Mixpeek Logo
    8 min read

    Multimodal Monday #41: Small Models Win, Vision Models Fail

    Week of January 12-18, 2026: ReinPool cuts retrieval storage by up to 1000x, vision models fail basic tests that 6-year-olds ace, ShowUI-Aloha learns to click and scroll from demonstrations, and agents manage their own memory with frameworks like AgeMem and SimpleMem.

    Multimodal Monday #41: Small Models Win, Vision Models Fail
    Multimodal Monday

    Quick Hits (TL;DR)

    • AI vision is still learning to see - Despite the hype, state-of-the-art models still struggle with basic visual reasoning tasks that a 6-year-old can solve, highlighting a critical gap between “describing” an image and truly “understanding” it.
    • Multimodal retrieval gets smarter and faster - New frameworks like ReinPool and FastLane are solving the storage and speed bottlenecks of advanced retrieval systems, making it feasible to search massive multimodal datasets with high precision.
    • Video is becoming a 3D engine - Research like UniSH and VerseCrafter is blurring the line between 2D and 3D, demonstrating that we can now extract high-fidelity 3D geometry and 4D motion directly from standard video footage without complex capture setups.
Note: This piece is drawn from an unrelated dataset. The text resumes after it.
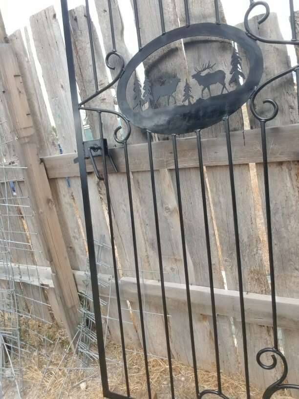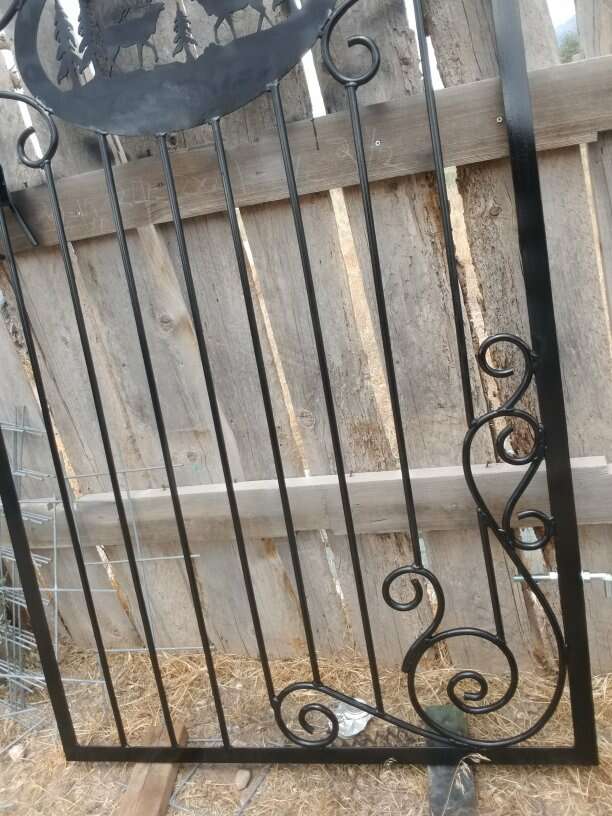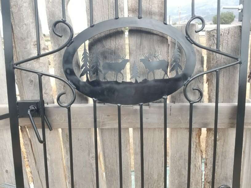 Beautiful ornamental steel backyard gate with 2 elks and pine trees panorama, size of the gate it's 80" at its highest point × 42" wide plus 2" for hinge bolt; the bolt its adjustable up to 6", $510, plus tax FREE DELIVERY IN THE STATE OF UTAH cash or venmo Leo'swelding llc Leoswelding.services

    🛠️ Tools, Models and Techniques

    Ministral 3

    Mistral AI released a new family of compact language models (3B, 8B, 14B) designed for edge devices. These models aren’t just small; they’re built with integrated image understanding and reasoning capabilities, making them powerful tools for local multimodal applications.

    Image

    Why it matters: Running capable multimodal models on-device is the holy grail for privacy and latency. Ministral 3 brings us closer to having smart, visual assistants that run entirely on your phone or laptop without needing a cloud connection.
    Hugging Face | Paper

    FLUX.2 [klein]

    Black Forest Labs dropped a highly efficient image generation model that runs on consumer GPUs (13GB VRAM). It handles text-to-image, editing, and multi-reference generation in a single model, generating high-quality results in under a second.

    Why it matters: Speed and accessibility are key for creative workflows. A model that can generate and edit images this fast on consumer hardware opens up real-time creative applications that were previously impossible.
    Blog | Demo

    STEP3-VL-10B

    StepFun released a lightweight 10B parameter multimodal model that punches above its weight class. It excels in visual perception and complex reasoning, challenging the notion that you need massive models for high-level multimodal intelligence.

    Performance Comparison

    Why it matters: Efficiency is the new frontier. Models like STEP3-VL show that we can get frontier-level performance with a fraction of the compute, making advanced multimodal AI more accessible and cost-effective to deploy.
    Hugging Face | Paper

    UniSH

    This new framework reconstructs 3D scenes and human poses from a single video stream. It estimates scene geometry, camera parameters, and human shape simultaneously, creating a cohesive 3D representation from flat video.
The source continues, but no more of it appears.